Parents Need to Know
Parents need to know that Monster High: Frights, Camera, Action! is a movie based on the Mattel toy line of adolescent monster dolls, books, games, and other merchandise -- as well as TV specials and a web series. Because they're high school students, some of the Monster High characters are preoccupied with celebrity crushes and have boyfriends/girlfriends. Several times, someone says a celebrity is "hot," and the couples hold hands, hug, and briefly kiss. The language is fairly mild but does include some name-calling like "stupid," "cray-cray," "loser." Parents concerned with unrealistic body issues may not appreciate the way the Monster High characters are mostly tiny-waisted waifs with perfect hair, big eyes, and noticeable makeup or super handsome jock-ish looking guys. To stay in the loop on more movies like this, you can sign up for weekly Family Movie Night emails.
Is It Any Good?
For existing fans of the dolls, this movie at least provides a somewhat amusing story to follow. These monsters have a similar look to the Bratz -- they have huge doe-eyed, prettily glossed lips and shadowed eyes, and fashionista figures -- but they also have the more interesting twist of being monsters. Because the characters are teenagers, they tend to be focused on adolescent issues like romance and friendship drama, so this movie's plot is really for upper elementary. The plot, at least, is actually pretty funny, as it clearly spoofs on real pop culture, like the Twilight craze and the fervor with which fans debate which suitor they support in fictional love triangles.

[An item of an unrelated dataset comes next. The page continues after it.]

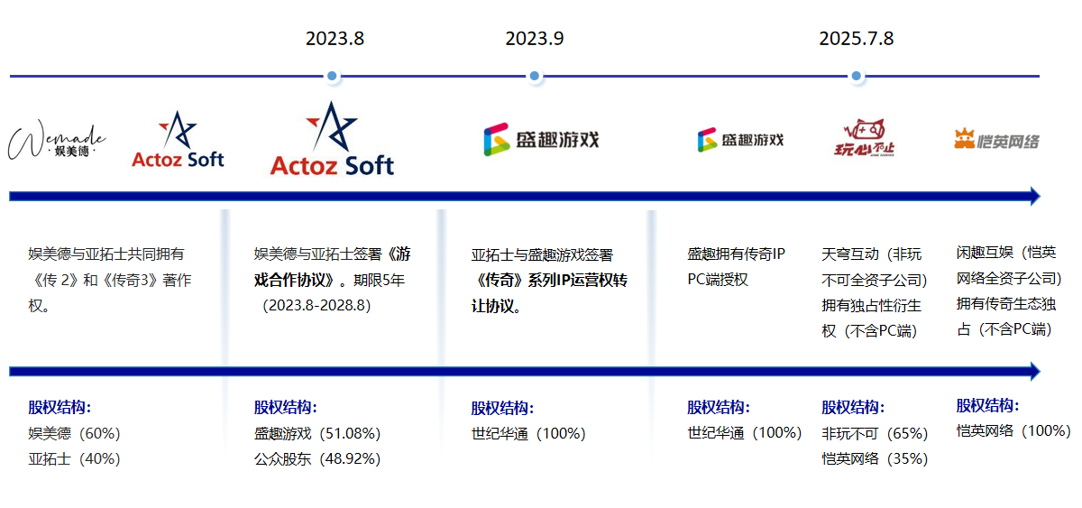 IP版权方(如盛趣游戏、亚拓士、娱美德等)居于核心地位,通过授权费与分成模式实现收益。目前国内传奇IP版权问题已经基本解决,具体如下:2023年8月,亚拓士与韩国娱美德签署了为期5年的《游戏合作协议》,协议明确了《传奇》游戏IP在中国大陆的权利归属,而盛趣游戏通过亚拓士继续保持对《传奇》系列IP在中国大陆的独占运营权;2025年7月8日,盛趣游戏正式与杭州天穹互动网络科技有限公司(玩心不止全资子公司)达成《传奇》及《传奇世界》IP 授权合作协议;同日天穹互动再与浙江闲趣互娱(恺英网络全资子公司)签署授权协议,授权其独家开发、运营、推广传奇盒子产品。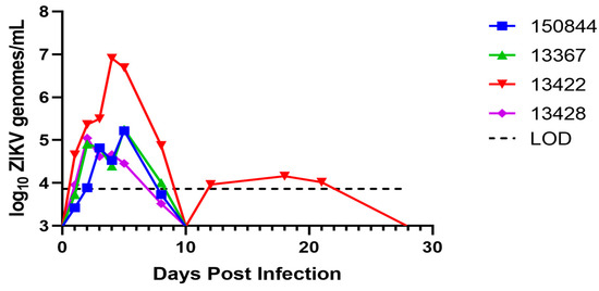 In our study, viremia peaked between 2 to 5 dpi with maximum titers of 6.9 log10 genome copies/mL (13422) and 5.1 to 5.3 log10 genome copies/mL (13428, 13367 and 150844). Although direct comparisons of these results to other NHP studies is not possible due to differences in methodologies as well as the blood element assayed (i.e., whole blood vs serum vs plasma) [63,64,65,66,69,71], previous reports have demonstrated cynomolgus macaque viremia peaking between 5 log10 and 6.6 log10 genome copies/mL [62,66,71]. Human viral load has been found to range from 1 to 5 log10 genome copies/mL [50,51,52,53], with the larger values corresponding to serum samples from cutaneous capillary beds [51]. Of the four macaques we infected, 13422 demonstrated the highest viremia, which fell below the limit of detection (≈3.9 log10 genome copies/mL) by 10 dpi before a second peak of ≈4 log10 genome copies/mL was observed and sustained from 12–21 dpi (Figure 2). Bimodal viremia is a feature that has been described previously in both cynomolgus and rhesus macaques [62,63,64,69,75]. Given that the magnitude and duration of host viremia are critical elements to arboviral acquisition by vector mosquitos [86], standardizing subsequent studies to be more reflective of human disease will important. As most ZIKV viremia is reported in the context of symptomatic patients [50,51,52,53], in which viral burden is known to be significantly less than pre-symptomatic patients [87], it may be difficult for peak human viremia be identified. Nonetheless, as a significant determinant of mosquito infection [86], determining a more accurate human viremia profile will be critical in the development of subsequent animal and ecological models.

But the overarching story about Draculaura's search for the real vampire heir may not interest kids as much as the silly debate between the girls back at school about who is the hotter Veronica Van Camp boyfriend -- Edweird of Alucord. Because of the way the girls fight and get upset over their celebrity crushes, it's hard to recommend this for young girls who really shouldn't be concerned with boyfriends and celebrity romances yet
Did we miss something on diversity?
Research shows a connection between kids' healthy self-esteem and positive portrayals in media. That's why we've added a new "Diverse Representations" section to our reviews that will be rolling out on an ongoing basis. You can help us help kids by suggesting a diversity update.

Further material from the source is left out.